En las montañas del sur de Ávila, en el Puerto del Pico, competí en mis primeras carreras de automóviles cuando casi se me había pasado la edad natural para hacerlo.
Entre los muchos recuerdos como “tardopiloto”, uno permanece nítido y me escuece en la conciencia, aunque el daño causado sólo se redujo a una sucesión de mareos soportados por un indefenso animal de forma estoica.
Dingo, tenía los ojos del color de la miel, el hocico fino y elegante, y el pecho poderoso. Yo le quería a morir y me empeñé en convertirle en mi copiloto a base de llevarle conmigo mientras me entrenaba para el Campeonato de España de Rallys. Cuando le abría la puerta del coche para que trepase al asiento trasero, Dingo me miraba del mismo modo que Luis Capeto debió mirar a su verdugo antes de subir al cadalso.

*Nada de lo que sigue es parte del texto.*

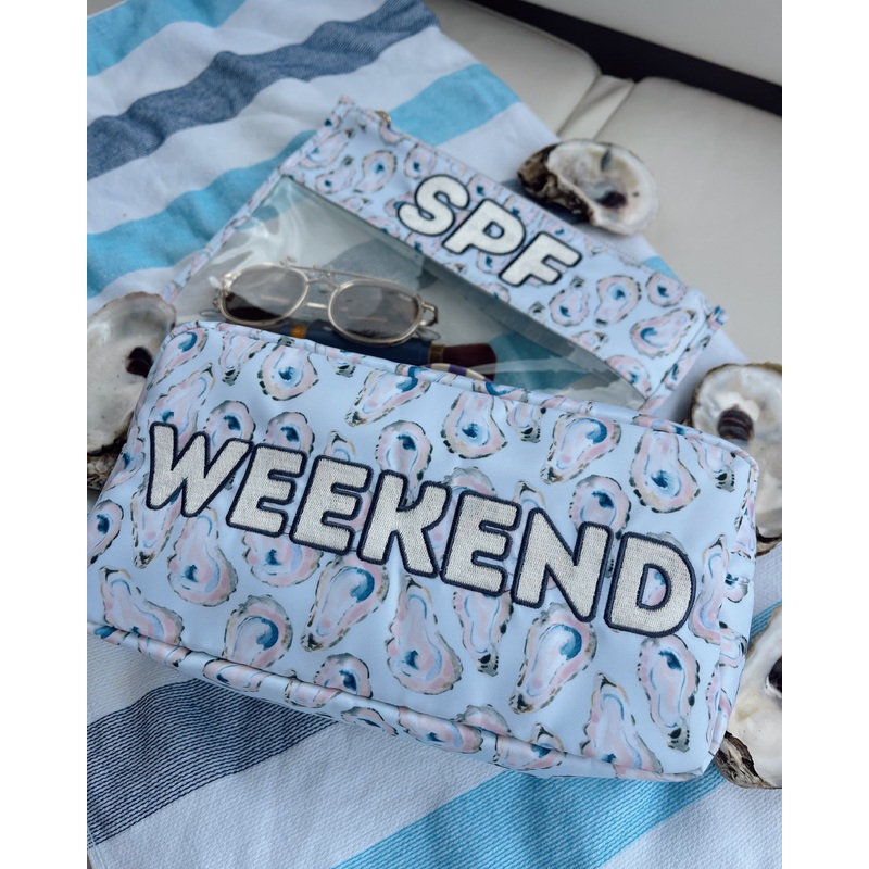 The perfect bag for all summer on the lake, beach & more - blue seersucker oyster print with embroidery!Oyster Artwork by Sami Mancini // @samimanciniartShips immediately!Perfect to pair up with our SPF clear pouch!In collaboration with Aubrey Schoenekase!
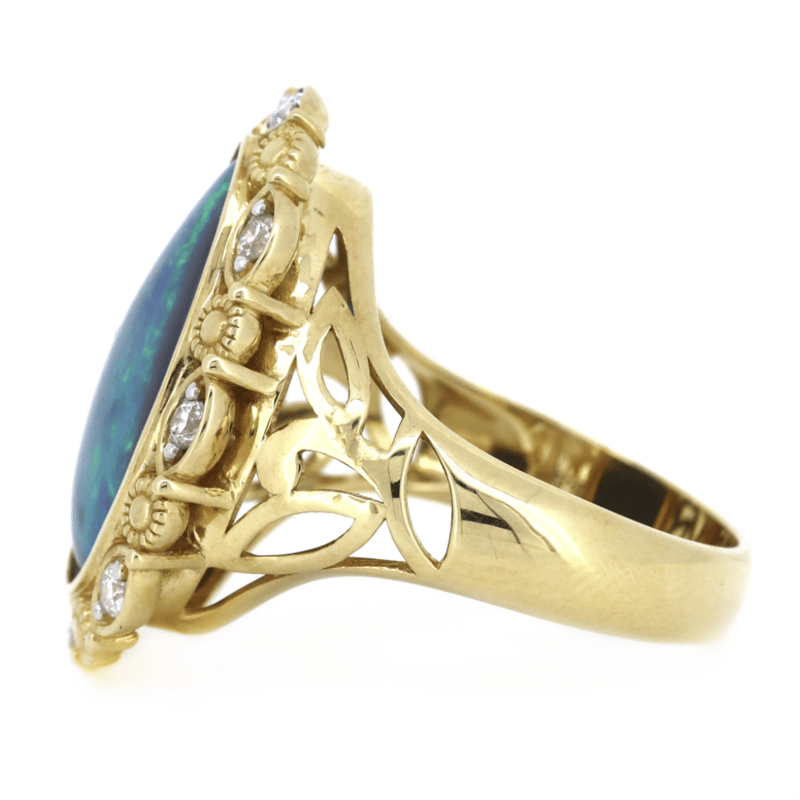 14K YELLOW GOLD, 7.49CT LIGHTNING RIDGE OPAL AND DIAMOND, STATEMENT RING.
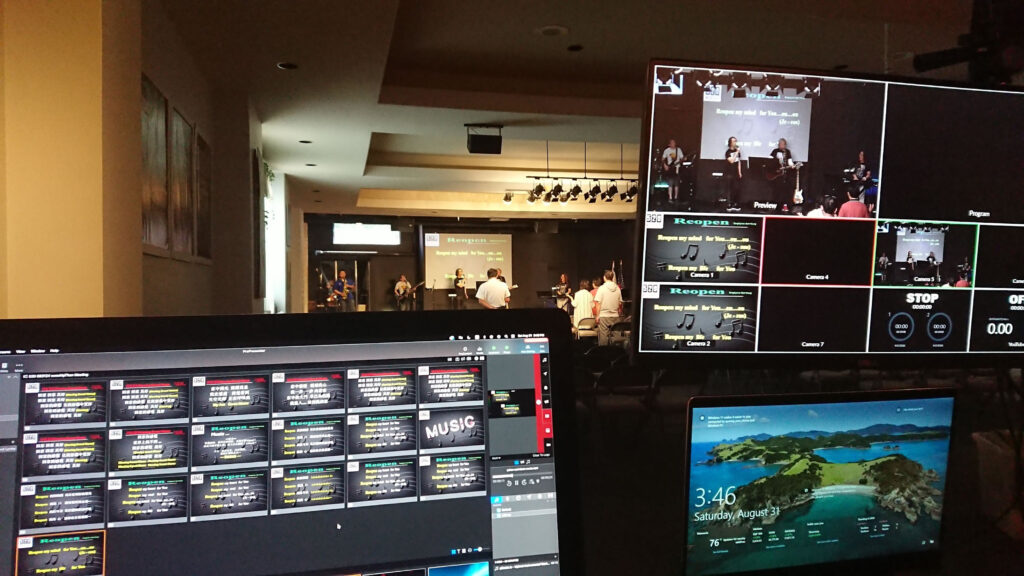 IMPACT Harvest Church 的現場有兩塊屏幕:大屏幕用於向觀衆顯示當前歌詞,小屏幕則用於給臺上的樂手顯示當前歌詞和下一頁的歌詞。兩塊屏幕的比例都是16:9。
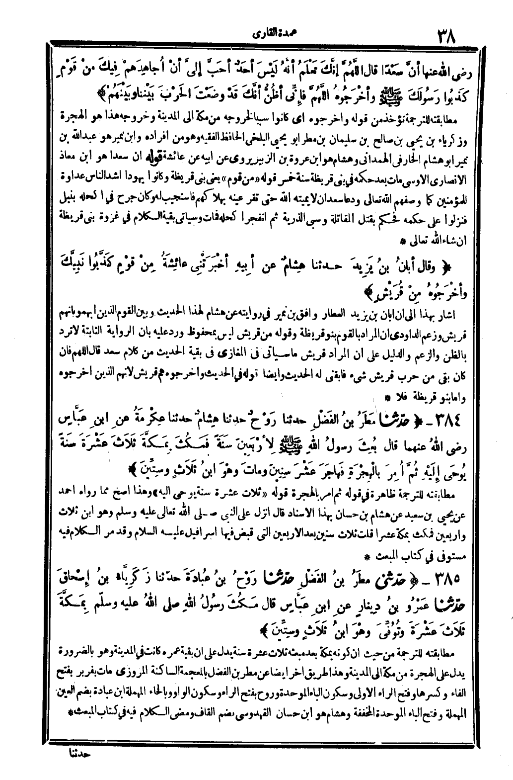 مطابقته للتَّرْجَمَة من حَيْثُ إِن كَونه بِمَكَّة بعد مبعثه ثَلَاث عشرَة سنة يدل على أَن بَقِيَّة عمره كَانَت فِي الْمَدِينَة، وَهُوَ بِالضَّرُورَةِ يدل على الْهِجْرَة من مَكَّة إِلَى الْمَدِينَة، وَهَذَا طَرِيق آخر أَيْضا عَن مطر بن الْفضل، بِالْمُعْجَمَةِ الساكنة: الْمروزِي، مَاتَ بفربر، بِفَتْح الْفَاء وَكسرهَا وَفتح الرَّاء الأولى وَسُكُون الْبَاء الْمُوَحدَة، وروح، بِفَتْح الرَّاء وَسُكُون الْوَاو وَبِالْحَاءِ الْمُهْملَة: ابْن عبَادَة، بِضَم الْعين الْمُهْملَة وَفتح الْبَاء الْمُوَحدَة المخففة، وَهِشَام هُوَ ابْن حسان القهدوسي، بِضَم الْقَاف، وَمضى الْكَلَام فِيهِ فِي كتاب المبعث.

Resignado ante lo inevitable, se tumbaba cuan largo era en el asiento trasero, y con la cabeza escondida entre las patas delanteras, seguramente meditaba sobre su abominable destino.
Yo me olvidaba de él y cuando llegaba a las estribaciones de Gredos, comenzaba el baile: “derecha, buena”….., “paella a izquierdas”……”tirón al freno de mano y derrapada”…frenazo a fondo,… acelerón, ..otro frenazo. Al llegar al Parador de Turismo, me detenía para darme un respiro, abría la puerta trasera y Dingo ponía “pata a tierra” visiblemente hecho polvo…
En los años que permaneció a mi lado, su manía por darle sustos a la gente que él debía considerar rara o mal vestida, le llevaron más de una vez a la perrera y a mí a pagar la multa para rescatarle; los perreros le apodaron El Lute por las veces que entraba y salía de las jaulas municipales.
Dingo acabó ensartado en los colmillos de un jabalí. Murió como había vivido, como un valiente. Donde quiera que estés, querido amigo, perdóname.